RECORDS TO USE
-- Opening Marker --

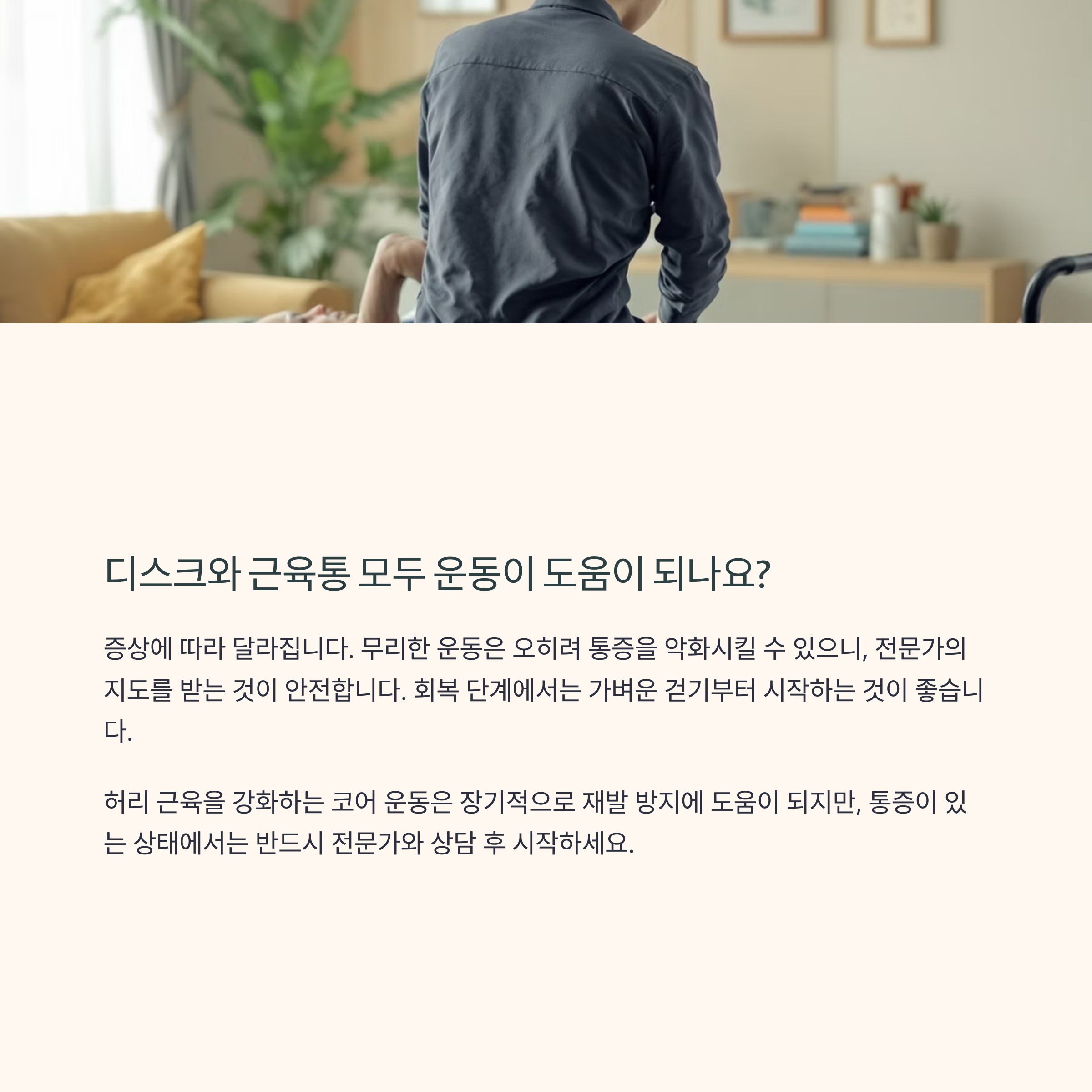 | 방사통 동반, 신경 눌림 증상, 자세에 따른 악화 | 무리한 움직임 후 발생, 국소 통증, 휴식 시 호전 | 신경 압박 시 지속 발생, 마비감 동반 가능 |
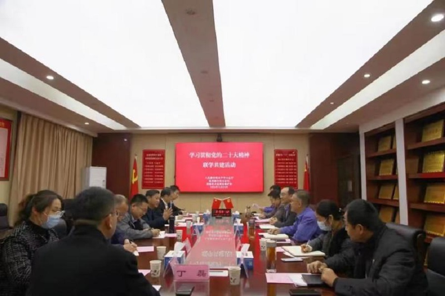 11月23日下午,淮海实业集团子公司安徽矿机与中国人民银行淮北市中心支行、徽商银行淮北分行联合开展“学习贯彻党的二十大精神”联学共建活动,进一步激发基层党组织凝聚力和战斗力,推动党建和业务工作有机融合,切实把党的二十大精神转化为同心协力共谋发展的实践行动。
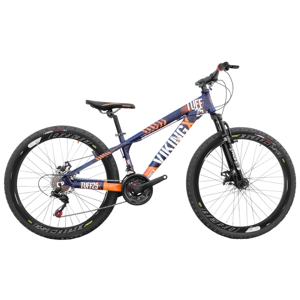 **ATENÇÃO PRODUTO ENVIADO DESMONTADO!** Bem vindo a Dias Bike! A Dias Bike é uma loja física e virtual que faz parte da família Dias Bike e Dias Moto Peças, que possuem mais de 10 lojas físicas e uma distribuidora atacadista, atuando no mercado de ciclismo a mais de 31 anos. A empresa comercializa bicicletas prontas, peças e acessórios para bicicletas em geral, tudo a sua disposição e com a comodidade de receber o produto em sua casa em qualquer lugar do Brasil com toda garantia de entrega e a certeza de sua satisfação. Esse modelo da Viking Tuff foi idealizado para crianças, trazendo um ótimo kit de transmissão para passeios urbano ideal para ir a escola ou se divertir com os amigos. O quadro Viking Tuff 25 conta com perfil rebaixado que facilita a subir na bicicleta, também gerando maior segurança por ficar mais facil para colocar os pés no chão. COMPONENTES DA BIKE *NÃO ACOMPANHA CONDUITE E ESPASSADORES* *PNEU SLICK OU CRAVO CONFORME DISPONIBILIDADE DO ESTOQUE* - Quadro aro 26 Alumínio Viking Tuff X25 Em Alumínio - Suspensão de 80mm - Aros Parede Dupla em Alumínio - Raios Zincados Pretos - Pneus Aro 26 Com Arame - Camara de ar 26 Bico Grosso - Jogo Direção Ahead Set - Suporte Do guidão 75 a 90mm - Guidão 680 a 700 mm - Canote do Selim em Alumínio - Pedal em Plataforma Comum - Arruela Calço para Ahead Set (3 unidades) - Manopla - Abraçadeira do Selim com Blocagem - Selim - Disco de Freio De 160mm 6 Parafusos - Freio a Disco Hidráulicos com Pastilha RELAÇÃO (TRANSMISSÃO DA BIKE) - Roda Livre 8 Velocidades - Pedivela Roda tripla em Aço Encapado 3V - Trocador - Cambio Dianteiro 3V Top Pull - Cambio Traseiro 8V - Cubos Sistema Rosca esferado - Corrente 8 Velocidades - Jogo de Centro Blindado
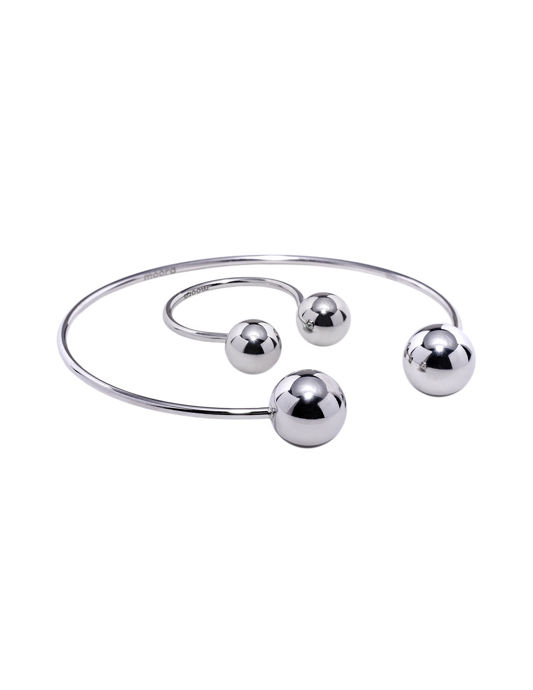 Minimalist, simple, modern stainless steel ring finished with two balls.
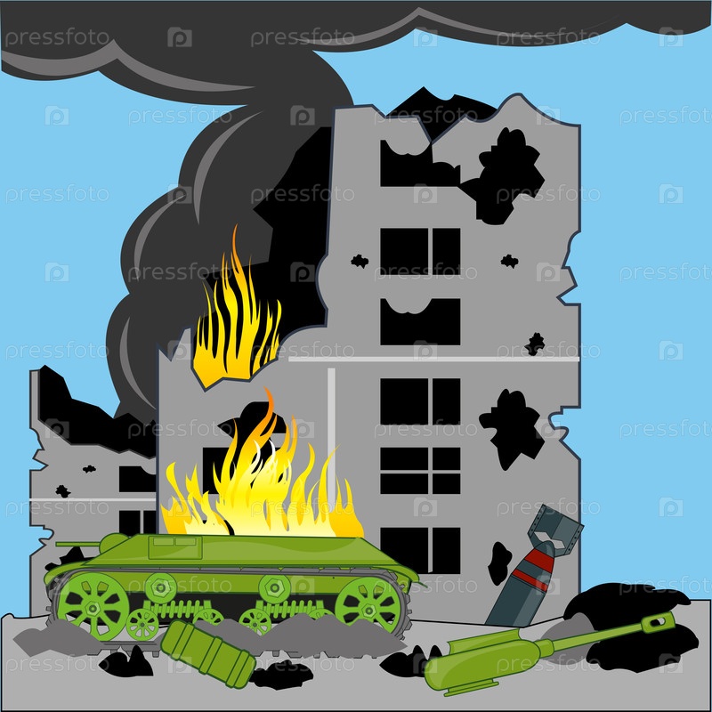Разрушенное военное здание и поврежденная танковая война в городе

-- Closing Marker --
-- Opening Marker --

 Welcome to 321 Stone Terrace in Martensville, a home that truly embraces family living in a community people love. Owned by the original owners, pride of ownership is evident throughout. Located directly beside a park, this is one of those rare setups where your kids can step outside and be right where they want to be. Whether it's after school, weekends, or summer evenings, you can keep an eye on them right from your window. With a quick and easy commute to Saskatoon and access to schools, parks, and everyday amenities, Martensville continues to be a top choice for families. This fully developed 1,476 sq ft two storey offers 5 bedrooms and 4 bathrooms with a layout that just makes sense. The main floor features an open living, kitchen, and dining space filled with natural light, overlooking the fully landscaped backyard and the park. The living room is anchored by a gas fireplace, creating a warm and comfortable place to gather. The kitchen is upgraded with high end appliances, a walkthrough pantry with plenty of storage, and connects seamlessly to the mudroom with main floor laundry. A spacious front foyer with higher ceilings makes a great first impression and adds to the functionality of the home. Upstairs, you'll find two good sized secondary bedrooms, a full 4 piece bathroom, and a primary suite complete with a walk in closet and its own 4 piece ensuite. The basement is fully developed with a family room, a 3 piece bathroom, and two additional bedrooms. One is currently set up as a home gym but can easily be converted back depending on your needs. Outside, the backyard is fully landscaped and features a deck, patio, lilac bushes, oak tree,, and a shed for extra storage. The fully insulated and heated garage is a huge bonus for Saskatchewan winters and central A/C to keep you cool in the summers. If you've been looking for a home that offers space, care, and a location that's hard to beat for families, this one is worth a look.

-- Closing Marker --
-- Opening Marker --

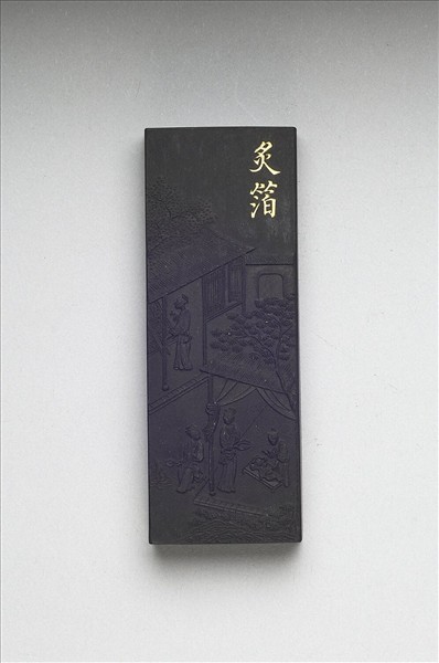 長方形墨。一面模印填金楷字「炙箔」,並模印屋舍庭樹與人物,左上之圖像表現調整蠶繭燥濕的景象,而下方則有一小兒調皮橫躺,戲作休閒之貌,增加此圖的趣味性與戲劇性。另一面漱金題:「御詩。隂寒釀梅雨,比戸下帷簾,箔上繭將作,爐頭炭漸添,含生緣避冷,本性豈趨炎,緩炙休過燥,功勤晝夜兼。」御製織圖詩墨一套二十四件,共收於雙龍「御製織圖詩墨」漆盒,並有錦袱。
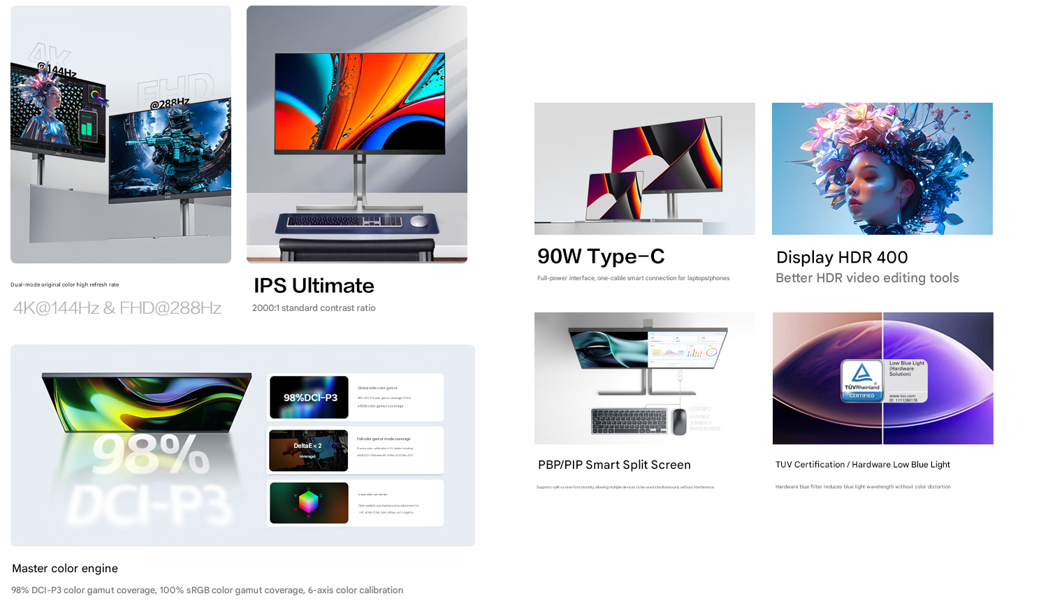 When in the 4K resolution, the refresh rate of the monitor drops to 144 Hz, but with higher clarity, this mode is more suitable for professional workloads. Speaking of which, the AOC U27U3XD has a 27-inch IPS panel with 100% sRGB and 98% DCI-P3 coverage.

-- Closing Marker --

EXERCISE PROMPT
For this exercise, transcribe exactly the part of the records above that opens with the line containing "마비감 동반 가능 |" and closes with the one containing "11月23日下午,淮海实业集". Pictures are not part of the copy.

TASK OUTPUT
 | 방사통 동반, 신경 눌림 증상, 자세에 따른 악화 | 무리한 움직임 후 발생, 국소 통증, 휴식 시 호전 | 신경 압박 시 지속 발생, 마비감 동반 가능 |
 11月23日下午,淮海实业集团子公司安徽矿机与中国人民银行淮北市中心支行、徽商银行淮北分行联合开展“学习贯彻党的二十大精神”联学共建活动,进一步激发基层党组织凝聚力和战斗力,推动党建和业务工作有机融合,切实把党的二十大精神转化为同心协力共谋发展的实践行动。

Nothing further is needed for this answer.